Тело больше не слушалось его так, как раньше. Вернее, слушалось, но иначе — через преодоление, через усилие, через постоянную, изматывающую борьбу с чем-то, что поселилось внутри и постоянно пыталось перехватить контроль. Представьте себе, что вы пытаетесь управлять сложным механизмом, экзоскелетом или огромным роботом, с которым вас соединяет тонкая, ненадёжная нить нервных окончаний, постоянно грозящая оборваться от малейшего напряжения. Представьте, что каждое движение — поднять руку, повернуть голову, сделать шаг вперёд — требует такой концентрации и таких волевых усилий, словно вы ворочаете многопудовые валуны. Сигналы от мозга доходили до мышц с чудовищной, невыносимой задержкой, словно пробивались сквозь толстый слой вязкой, липкой патоки или мутного, болотного ила. Ной думал: «Поднять правую руку» — и проходила целая секунда, а иногда и две, прежде чем рука начинала медленно, рывками, словно управляемая неумелым кукловодом, подниматься в воздух. Он думал: «Повернуть голову налево» — и мышцы шеи сокращались с отвратительным, влажным хрустом, будто рвались невидимые нити, удерживающие позвонки вместе.

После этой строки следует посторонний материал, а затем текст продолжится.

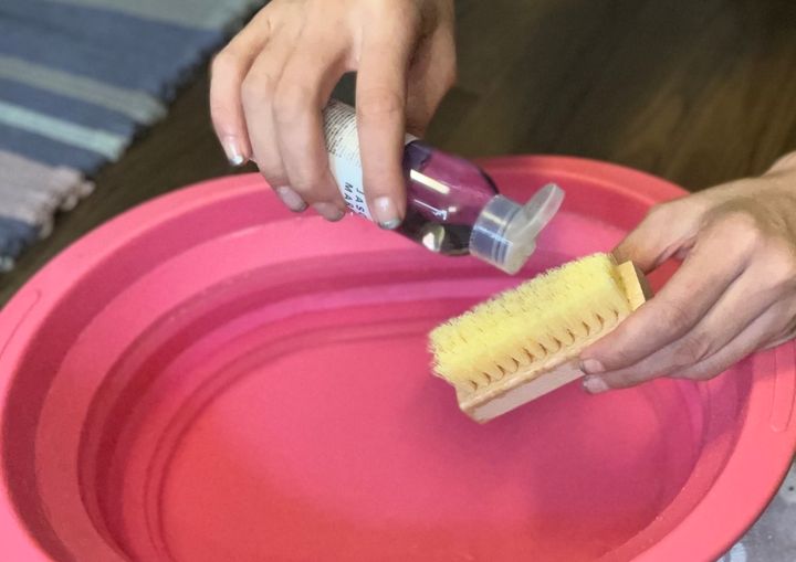 ボウルやバケツなどに張った水にブラシを浸して、付属の洗剤をブラシにつけていきます。
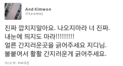 그리고 하필 이 시점에 원중오빠가 트윗을 하나 썼습니다.
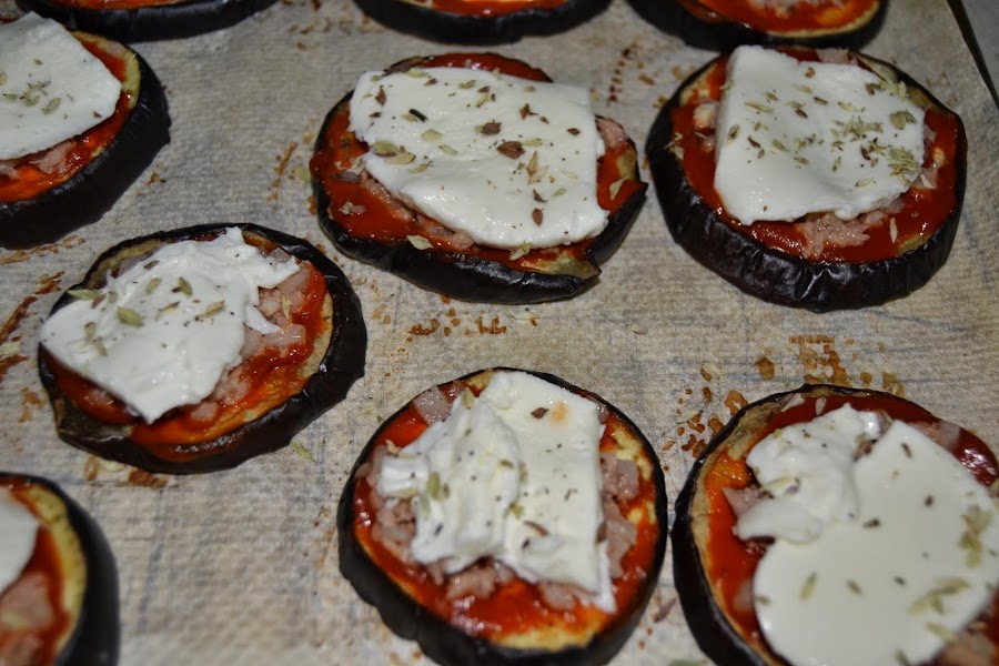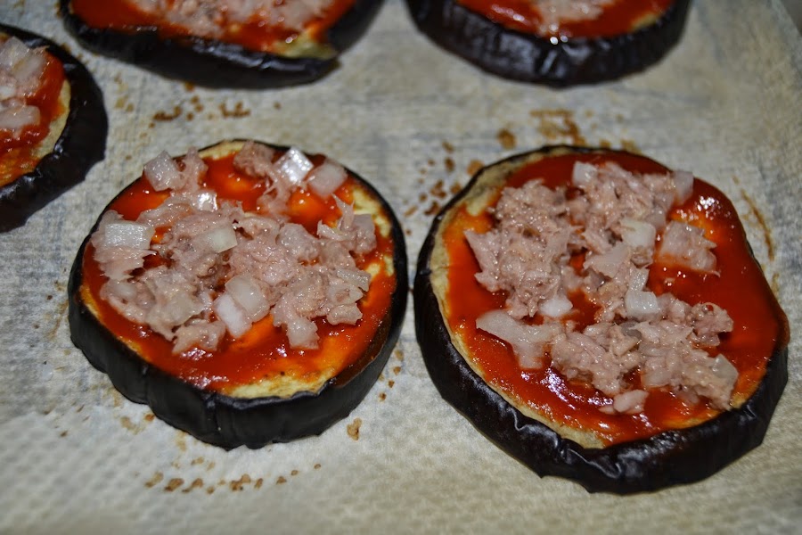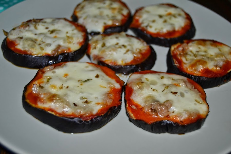 Metemos en el horno a 180 grados durante unos diez minutos mas. Yo las he rellenado de atún pero como cualquier otra pizza admite cualquier relleno. De cualquier manera quedan igual de ricas y es otra forma diferente de comer berenjenas. Espero que os guste.
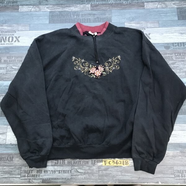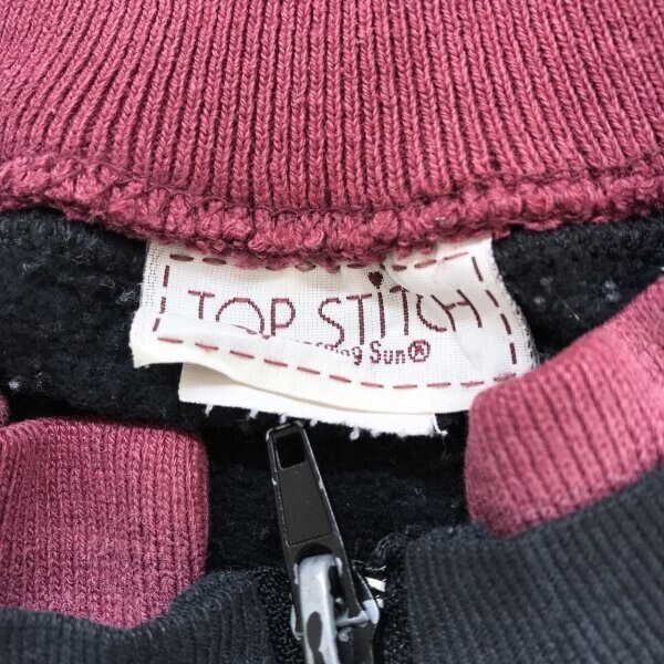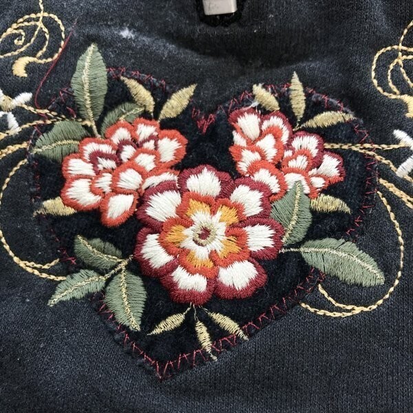 top stitch BY MORNING SUN レディース 裏起毛 花刺繍 ハーフジップ トレーナー 黒 です。
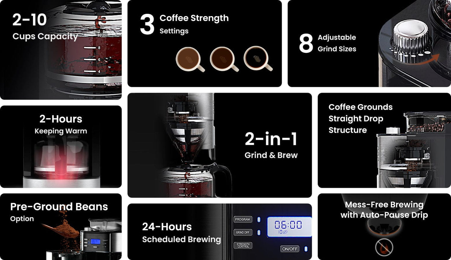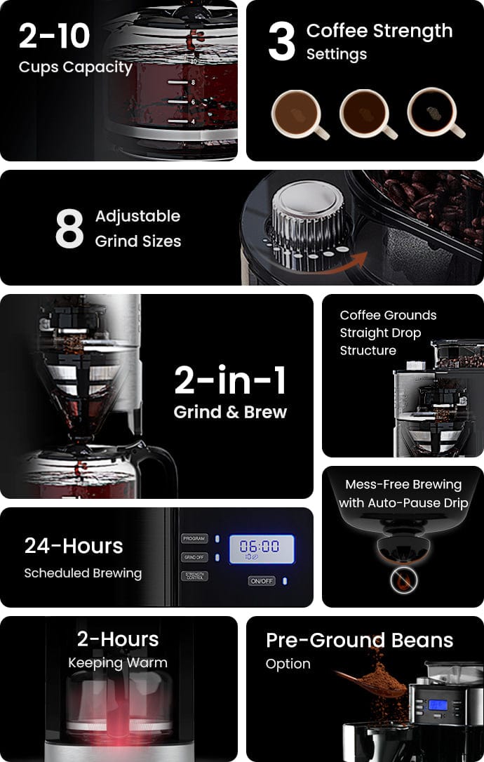GEVI Programmable 10-Cup Grind & Brew Coffee Maker Machine with Built-in Grinder DCMB0
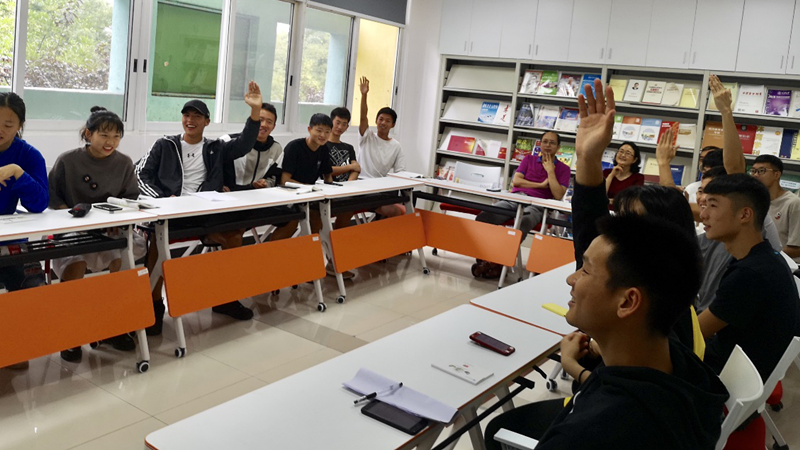 接下来是问题讨论发言环节。在说到“你对祖国发展变化的印象”时,刘锦泉同学就现代大国经济的政策变化及社会文明的进步表达了自己的理解,钟震宇同学以家乡火车地铁线路的普及看祖国的发展变化作了回答。
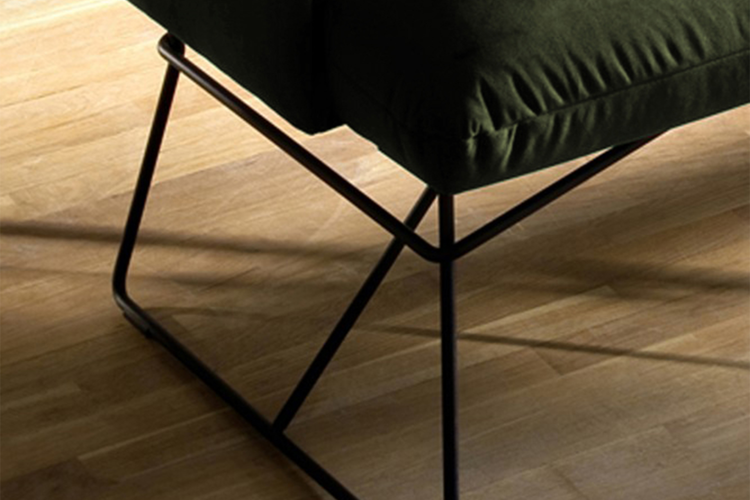 Durch den legeren Sitzaufbau ist eine modellbedingte und gestalterisch gewünschte Wellenbildung warentypisch und unterstreicht den gemütlichen Faktor der Sitzbank. Die behagliche Polsterung wird durch den samtigen Velvet-Bezug noch einmal zusätzlich unterstrichen, sodass auch die Haptik der Bank gemütlich und kuschelig erscheint.
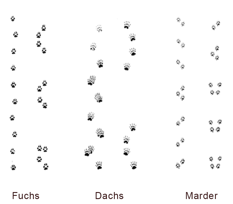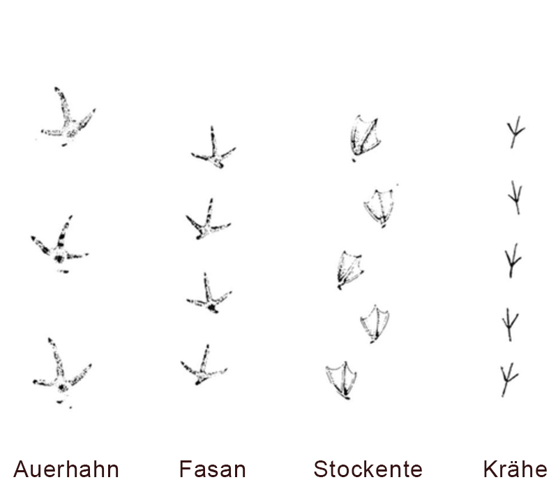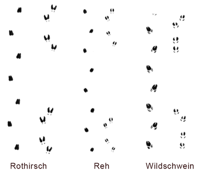 Fährten von Schalenwild (Rothirsch, Reh, Wildschwein), Spuren von Hasen, Eichhörnchen und Raubwild (Fuchs, Dachs, Marder) und Geläufe von Federwild. Spuren von Fuchs, Hund oder Wolf sind schwer zu unterscheiden. Klicken Sie auf die Spuren, um sie grösser zu sehen.
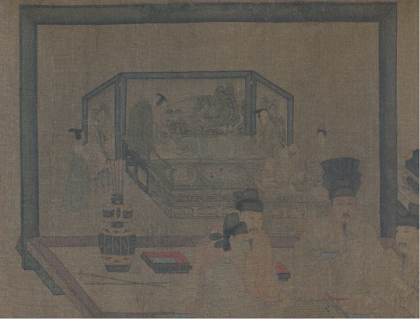 五代南唐,周文矩《重屏?xí)鍒D》卷(北宋摹本),故宮博物院藏。
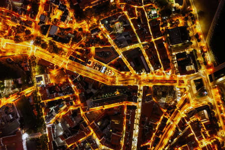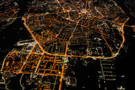 Aerial view from airplane window of buildings and bright illuminated streets in city residential area at night. Dark urban landscape at high altitude
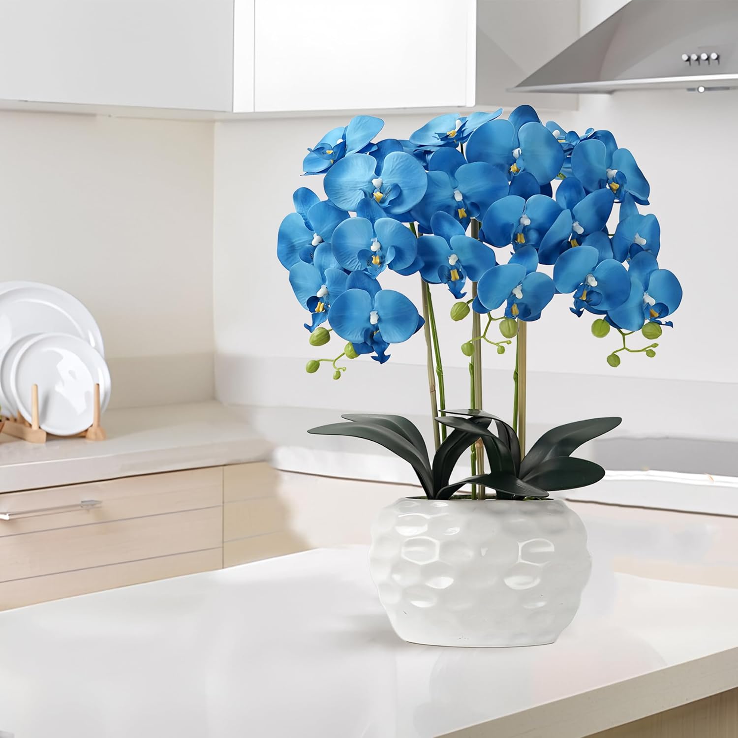 Orchid Artificial Flowers with White Vase Large Silk Faux Phalaenopsis Flowers for Dining Room Table Floral Centerpieces Indoor Decoration,Blue
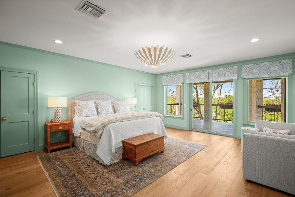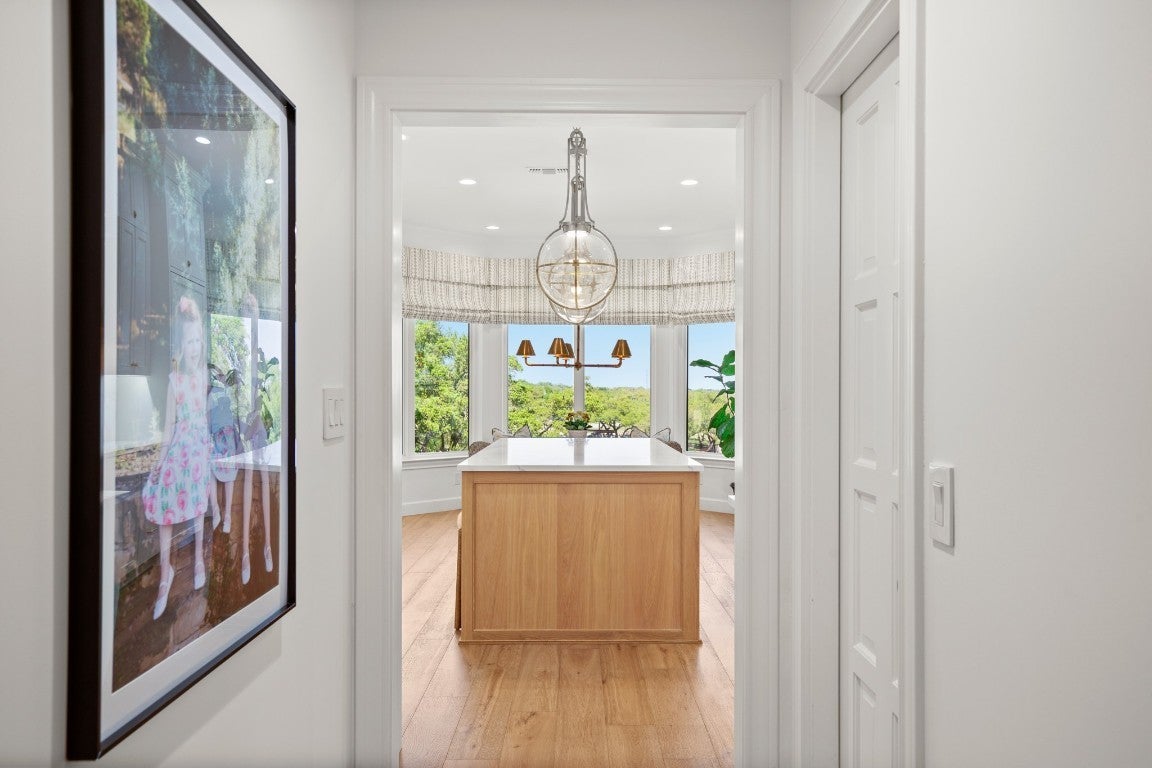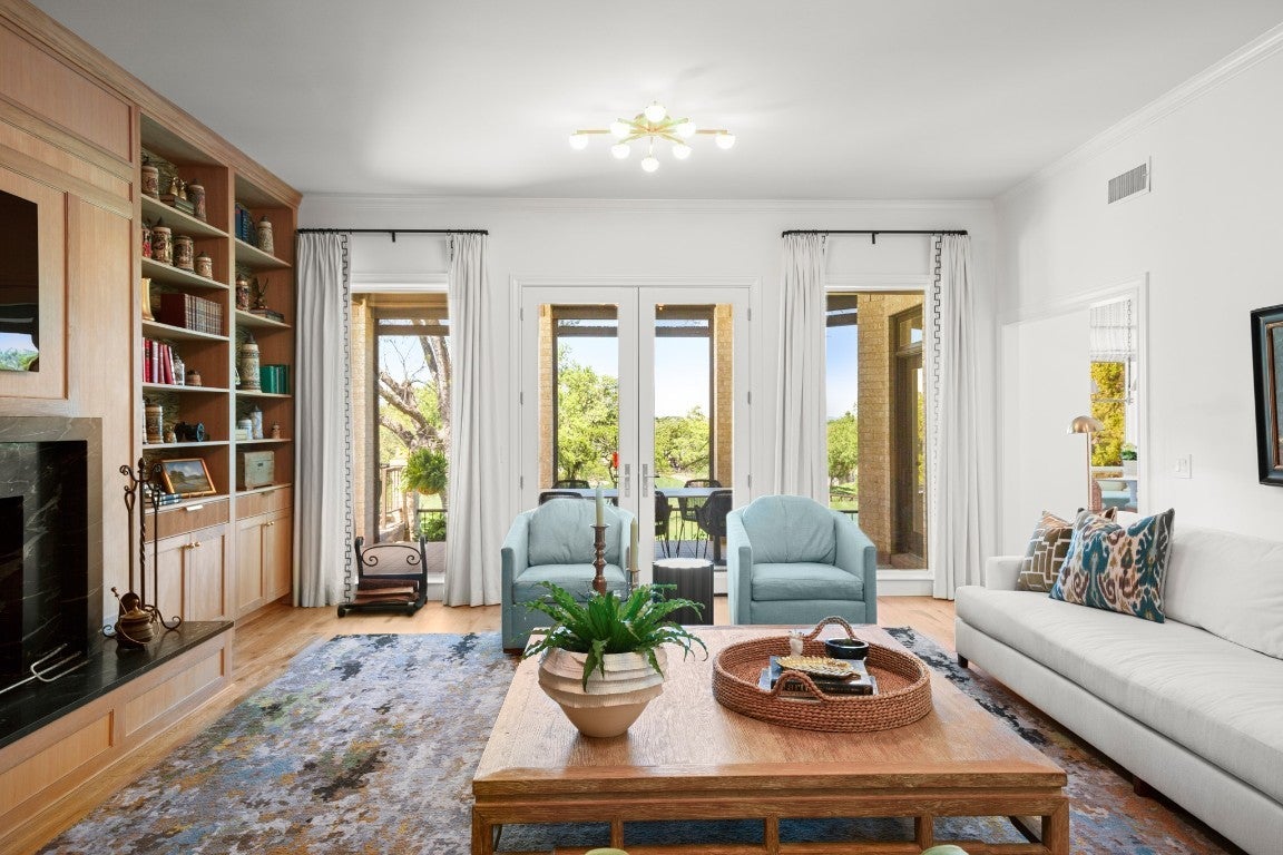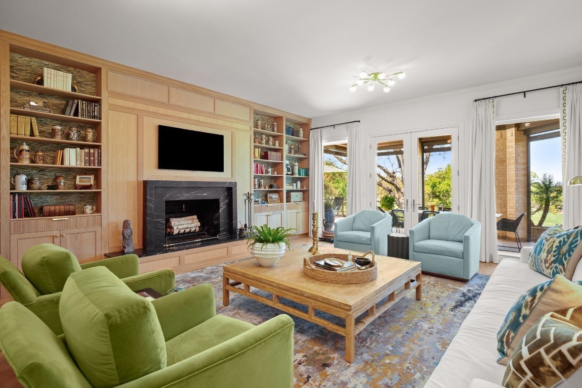 Wake up every morning in your own Palm Beach-inspired golf resort. This picturesque traditional family home has been renovated to perfection and sits on a private lot nestled in a cul-de-sac and on fairways #13 and #14 of The Hills of Lakeway golf course. Flawless interior design touches in every room, this vibrant family home is the ideal property for those seeking stunning views and quick access to the course and community clubhouse. This colorful two-story home features four bedrooms, four full and two half baths. A gourmet kitchen in the center of the home offers panoramic views and a breakfast nook overlooking the pond. The spacious primary bedroom on the first level includes breathtaking views of the course with a private fireplace, lounge area, and large walk-in closet and shower. There are two light-filled living areas downstairs, with a fireplace and formal dining, and an elevator to the second level, where the airy designs and classical details for each space continue. The second primary suite upstairs features a private balcony overlooking endless views of the greens. There are also two additional bedrooms on the second level, including an optional living/game room featuring a wet bar, and a study. Outside, the impressive driveway leads to a spacious two-car and golf cart garage, along with an attached workshop and garden room. The oasis-like pool is surrounded by lush greenery and opulent oak trees that offer additional privacy and natural ambience. Absolutely brimming with old-world glamor and sophistication with a modern twist, this home is sure to transport you to your own personal paradise!
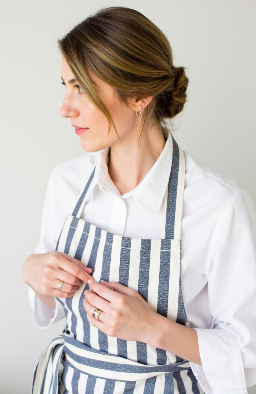 This style is perfect for special occasions or when you want to feel a bit more sophisticated. Pair it with a striped apron for that chic Parisian vibe.

Движения его больше не были плавными, текучими, человеческими. Они стали рваными, дёргаными, угловатыми, неуклюжими, как у сломанной марионетки в руках пьяного кукольника. Ходьба превратилась в сложный, почти непосильный процесс, требующий полной сосредоточенности: переставить правую ногу, перенести на неё вес тела, не потерять равновесие, переставить левую ногу, снова поймать баланс, и так до бесконечности, шаг за мучительным шагом. Бег был исключён полностью — тело просто не понимало, как координировать такое количество быстрых движений одновременно. Речь, его человеческая речь, тот уникальный инструмент коммуникации, который отличал его от животных, превратилась в набор низких, гортанных, нечленораздельных звуков, больше похожих на рычание раненого зверя, чем на членораздельную речь. Голосовые связки, по-видимому, подверглись одной из самых серьёзных трансформаций и теперь издавали только этот утробный, вибрирующий хрип, который пугал даже его самого. Единственное, что осталось от прежнего Ноя в плане речи, — это способность издавать тот странный, щёлкающий, гортанный язык, который он впервые услышал от самого себя в ночь заражения. Язык вируса. Но он не знал его значения и боялся даже пытаться его использовать, опасаясь, что это окончательно разбудит то, что дремало внутри.
Но, несмотря на всё это — на запах гниющей плоти, на предательское, непослушное тело, на неспособность говорить и двигаться как человек, — он всё ещё был там. Он всё ещё был Ноем. Его разум, его личность, его душа, если таковая имелась, оказались запертыми в этом медленно разлагающемся, но всё ещё функционирующем теле, как в тюремной камере строгого режима, из которой не существовало выхода — ни условно-досрочного, ни по амнистии, ни через побег. И самое страшное, самое невыносимое во всей этой ситуации заключалось в том, что он не знал, было ли это аномалией, уникальным сбоем в программе вируса, редчайшим отклонением от стандартного течения болезни, или же все заражённые — все те, кого общество уже списало со счетов как безмозглых, агрессивных монстров, — проходили через то же самое. Сохраняли ли они сознание? Понимали ли они, что с ними происходит? Осознавали ли они свой ужас, свою боль, свою обречённость? Кричали ли они внутри своих мёртвых тел так же, как кричал Ной, — беззвучно, отчаянно, безнадёжно?
Эта мысль была настолько чудовищной, настолько невыносимой, что он гнал её от себя каждый раз, когда она пыталась просочиться в его сознание. Потому что если это было правдой — если каждый бродящий по улицам города заражённый, каждый агрессивный зомби из новостных репортажей, каждый объект для отстрела военных патрулей — сохранял внутри себя человеческое сознание, — то реальность была ещё страшнее, чем самые мрачные антиутопии.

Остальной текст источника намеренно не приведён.